Being there . . . . 10 August, 1941 on the deck of HMS Prince of Wales anchored in Placentia Bay off the coast of Newfoundland when Prime Minister Winston Churchill met with President Franklin D. Roosevelt who arrived earlier on board the USS McDougal for the risky Atlantic Conference that became the germ of the United Nations

       HOW THE ATLANTIC CHARTER WRITTEN BY ROOSEVELT AND CHURCHJILL, BUT

 STRANGELY NEVER SIGNED, SAVED DEMOCRACY FROM HITLER, MUSSOLINI, AND TOJO


                        A book reviewed and highly recommended by Don DeNevi

“Roosevelt and Churchill – The Atlantic Charter, August 14, 1941”, by Michael Kluger & Richard Evans. Frontline Books, dist. Naval Institute Press: 203 pages, hc; $37.95.

 Alone, Britain faced the Axis, from May 1940 to June, 1941.  Although morale in the British Isles plummeted, “Good Old Winnie!”, his popularity quite astonishing, inspired the people to fight alone. While the RAF held off the Luftwaffe over London, Churchill knew the nation and its brave fighting men and women would need help. President Roosevelt was committed to helping battle Hitler, and the “guttersnipe’s” Third Reich, but Congress was not. 
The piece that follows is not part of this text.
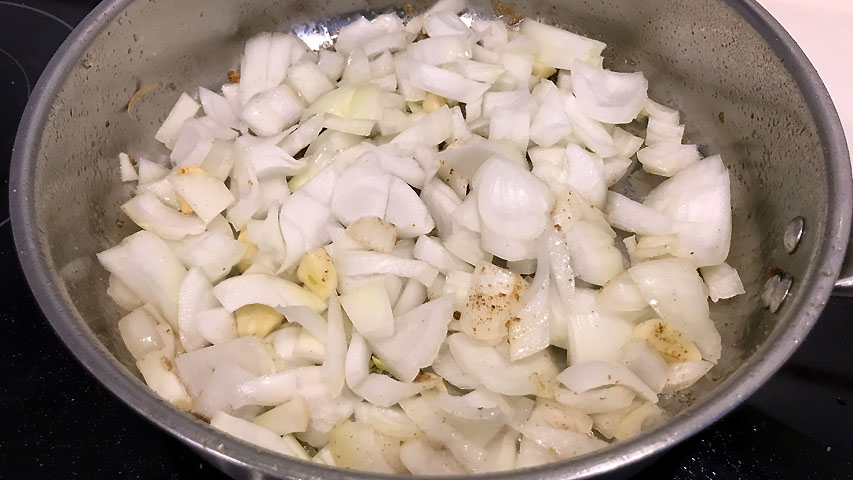 Sofríe el ajo y la cebolla.

 The day after Pearl Harbor, Hitler declared war on America. With that, less than 90 days later, Churchill braved the U-boat infested waters of the North Atlantic to meet empathetic President Roosevelt face-to-face for the first time. Along with their Chiefs of Staff and their naval and military advisors, they hammered out in four days an Atlantic Charter of eight points. Initially, so astonishingly secret was it that the Fuhrer never learned about it until much later. Riveted in their resoluteness of high and deep respect for one another, to say nothing about the unabashed personal, nay brotherly, liking and loyalty for one another,  the World War II buff and enthusiast is stunned so little is known about their mutuality to bring the Charter about, the welding needed to hold it together, and the birth point by point in as few pages of print as possible! To this day, only a handful realize the surprisingly few words of that document. Coupled with the extraordinary heroism of the fighting Russian soldiers amid the rubble of Stalingrad, the day and night Allied bombing of Germany, and the successful strategic thrust through Italy, the tide had turned against evil.

 Thank God, in what one might insist is the same heartfelt spirit of collaboration, two good men, one a Britisher, the other American, have given readers a peerless perspective of both the full conference story, focusing upon the writing of the draft which most certainly would assure victory. A long stretch, but in some ways a charter comparable to an international Magna Charta? Well, that might be carrying it a bit too far, yet . . . . . . . . why not read it for yourself to decide.

 In short, “Roosevelt and Churchill – The Atlantic Charter” is a masterful account, indeed a brilliant narrative, of two great, great men cemented together in innumerable ways negotiating an extremely urgent episode fraught with unfathomable danger, if only Hitler knew, to determine the fate of the civilized world.

 Reading doesn’t get any better than this.